Kidney tissue specimens were initially preserved in a 2.5% glutaraldehyde solution prepared in a 0.1 mol/l phosphate buffer (pH 7.4) at 4 °C for an overnight duration. Subsequent to the primary fixation, the samples underwent washing in the same phosphate buffer and were then subjected to post-fixation in 1% osmium tetroxide for a period of 2 hours at room temperature. Following the fixation process, the tissues were dehydrated utilizing a sequential series of ethanol solutions (30%, 50%, 70%, 90%, and 100%). Following dehydration, the tissues were infiltrated with epoxy resin. The samples were first placed in a mixture of 1:1 epoxy resin and 100% ethanol for several hours, followed by pure epoxy resin overnight. Subsequently, the samples were embedded in fresh epoxy resin and cured at 60 °C for 24 hours to achieve complete polymerization, resulting in a solid block that encapsulated the tissues. Ultrathin sections, approximately 70 nm in thickness, were obtained using an ultramicrotome and subsequently placed on copper grids. The sections were first incubated with a 2% uranyl acetate solution for 10 minutes, followed by rinsing with distilled water. This was followed by a staining step with lead citrate, which involved a 5-minute incubation at room temperature. After staining, the grids were rinsed again to remove excess stain. The stained ultrathin sections were analyzed under a transmission electron microscope, where images were obtained for the evaluation of mitochondrial morphology.

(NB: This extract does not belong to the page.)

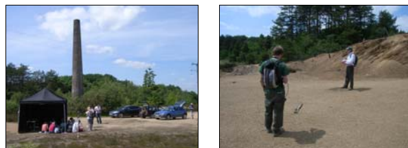
Figure 8. ERA evaluation trial at Devon Great Consols Mine. The remote students and tutor (left) work with the field tutor and camera person (right) to complete a half-day Environmental Impact Assessment (EIA) scoping sheet activity.

The focus of the evaluation trial was to investigate cognitive and affective learning in remote and direct fieldwork. The teaching involved two lecturers taking the students on a tour through a mine and asking them to complete an Environmental Impact Assessment activity (see Figure 8). In the direct fieldwork sessions, the students worked alongside the two lecturers in the field, and in the two remote sessions the students stayed in the car park at the mine with one tutor. They spoke to the other tutor (as a single group) using a VoIP phone with a loudspeaker that everyone could hear and a single shared microphone. The tutor's tour was watched by the students on a single 24-inch LED screen, which displayed a live video stream from a camcorder connected to a video encoder carried by the research officer.

Co-Immunoprecipitation (co-IP) Assay

To investigate the direct interaction between March6 and p53 or ACSL4 in HK-2 cells, we performed a Co-IP assay. Cells were transfected with a Flag-tagged March6 expression vector constructed using the pcDNA3.1–3 × Flag backbone, which facilitates the overexpression of March6. Transfection was performed using Lipofectamine 3000 (Thermo Fisher Scientific, Waltham, MA, USA) according to the manufacturer’s protocol. After 48 hours of transfection, cells were subjected to H/R treatment to induce cellular stress conditions in the presence of 10 μmol/l of MG132. Post-treatment, cells were washed with ice-cold PBS and lysed using a lysis buffer containing protease inhibitors. The lysates were collected by centrifugation and precleared with control agarose resin for 1 h at 4 °C with gentle rocking. The anti-Flag antibody and control IgG (Abcam) was immobilized with agarose resin. Approximately 500 μg of protein lysate was incubated with 2 μg of anti-Flag antibody (Abcam) overnight at 4 °C on a rotary shaker to facilitate the formation of immune complexes. The antibody-coupled resin was harvested by centrifugation and the immune complex was eluted using the elution buffer. For detection, eluted proteins were separated by SDS-PAGE and transferred to a PVDF membrane. The membrane was probed with antibodies against p53, ACSL4, and Flag to detect March6 binding partners. Protein bands were visualized using an ECL detection system.

Statistical Analysis

The data are expressed as mean values accompanied by standard deviations, derived from a minimum of three independent experiments. Statistical evaluations were performed utilizing GraphPad Prism. For comparisons between pairs of groups, Student’s t test was implemented. In the case of experiments with three or more groups, one-way analysis of variance (ANOVA) was applied, followed by Tukey’s post-hoc tests to ascertain statistical significance. A p value threshold of less than 0.05 was established to denote statistically significant differences.